About this exercise: Please give an exact printout of the records, without any pictures.

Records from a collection
BEGIN

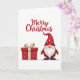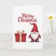 Brilhe o feriado de alguém com um cartão de Natal alegre com um gnomo de desenho animado! Esta adorável cara com uma barba branca longa e um chapéu vermelho coberto por estrelas brancas traz certamente um sorriso para o rosto de qualquer um. Ele fica ao lado de uma bela caixa vermelha de presentes amarrada com uma fita branca e um arco, fazer este cartão sentir uma 🎅 festiva extra 🏼 As palavras "Feliz Natal" são escritas elegantemente em letra vermelha cursiva sobre o gnomo, criando um simples design, mas atraente, contra o fundo branco comum. É a mistura perfeita de fofo e clássico para espalhar alegria de férias!
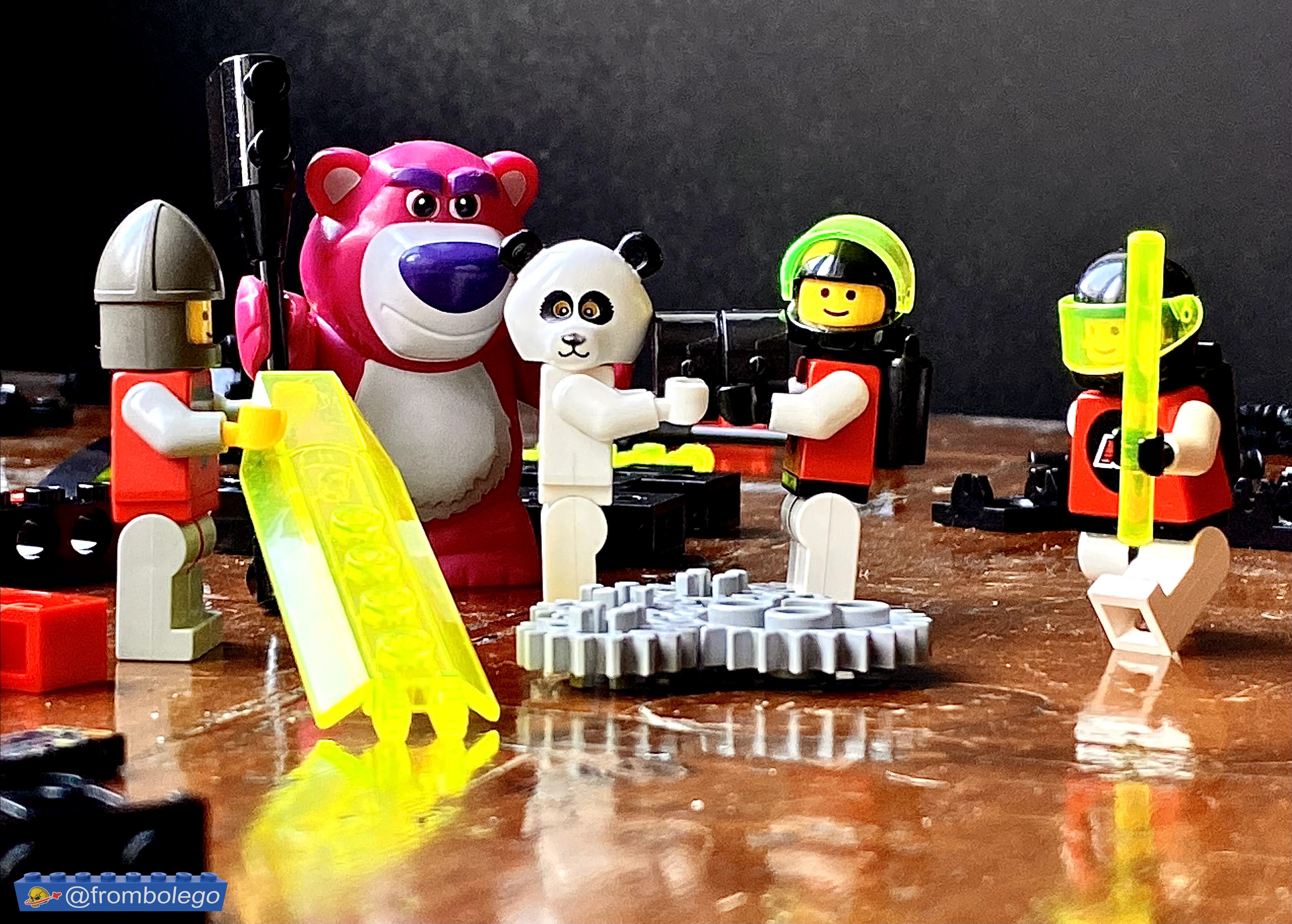Ricordo che avevo visto la minifig di Lotso (ho scoperto chi era solo in seguito, tanta è la mia cultura disney) in un diorama Castle in cui c'era questo orso con l'alabarda sulla porta di una torre. Così ho pensato che era perfetto per fare l'antagonista dell'eroe, l'arcinemico che incombe sempre. Finanche sulle remote vette.
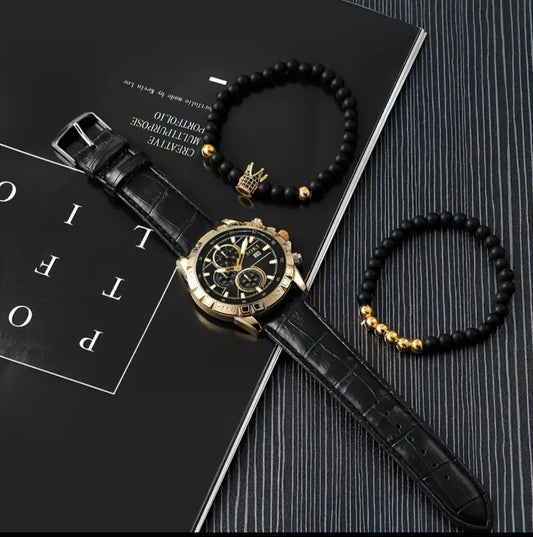 Noir King, 1pc Men's Calendar Quartz Luminous Watch & 2pcs Bracelet (Watch Set) Sugar Daddy 🎩 Collection
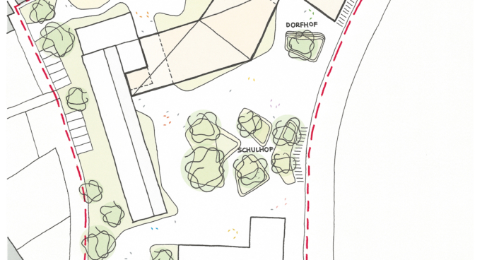 La construction de l’extension de l’école, de l’association de musique et de la maison commune du village offre la possibilité de restructurer et de différencier l’adresse et de renforcer l’identité du village. Le projet s’intègre naturellement dans les structures existantes, réagit directement à son environnement et crée en outre des espaces libres bien définis.
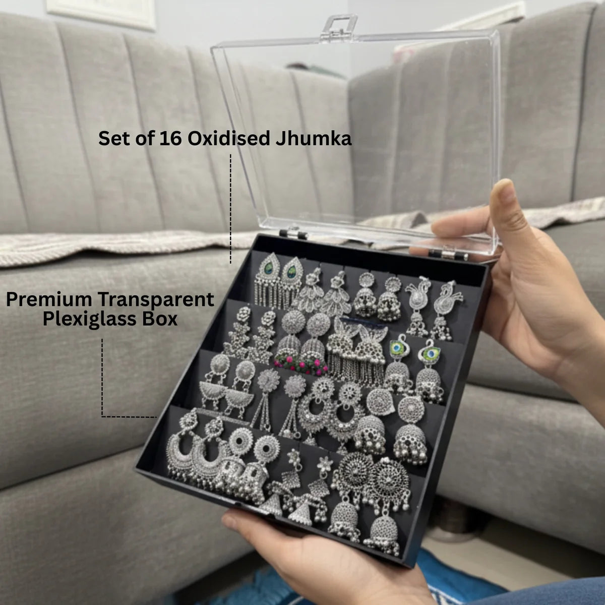 Upgrade your jewellery collection with this Set of 16 Oxidised Jhumkas, neatly arranged in a premium transparent plexiglass jewellery box.

END

Expected answer:
 Brilhe o feriado de alguém com um cartão de Natal alegre com um gnomo de desenho animado! Esta adorável cara com uma barba branca longa e um chapéu vermelho coberto por estrelas brancas traz certamente um sorriso para o rosto de qualquer um. Ele fica ao lado de uma bela caixa vermelha de presentes amarrada com uma fita branca e um arco, fazer este cartão sentir uma 🎅 festiva extra 🏼 As palavras "Feliz Natal" são escritas elegantemente em letra vermelha cursiva sobre o gnomo, criando um simples design, mas atraente, contra o fundo branco comum. É a mistura perfeita de fofo e clássico para espalhar alegria de férias!
Ricordo che avevo visto la minifig di Lotso (ho scoperto chi era solo in seguito, tanta è la mia cultura disney) in un diorama Castle in cui c'era questo orso con l'alabarda sulla porta di una torre. Così ho pensato che era perfetto per fare l'antagonista dell'eroe, l'arcinemico che incombe sempre. Finanche sulle remote vette.
 Noir King, 1pc Men's Calendar Quartz Luminous Watch & 2pcs Bracelet (Watch Set) Sugar Daddy 🎩 Collection
 La construction de l’extension de l’école, de l’association de musique et de la maison commune du village offre la possibilité de restructurer et de différencier l’adresse et de renforcer l’identité du village. Le projet s’intègre naturellement dans les structures existantes, réagit directement à son environnement et crée en outre des espaces libres bien définis.
 Upgrade your jewellery collection with this Set of 16 Oxidised Jhumkas, neatly arranged in a premium transparent plexiglass jewellery box.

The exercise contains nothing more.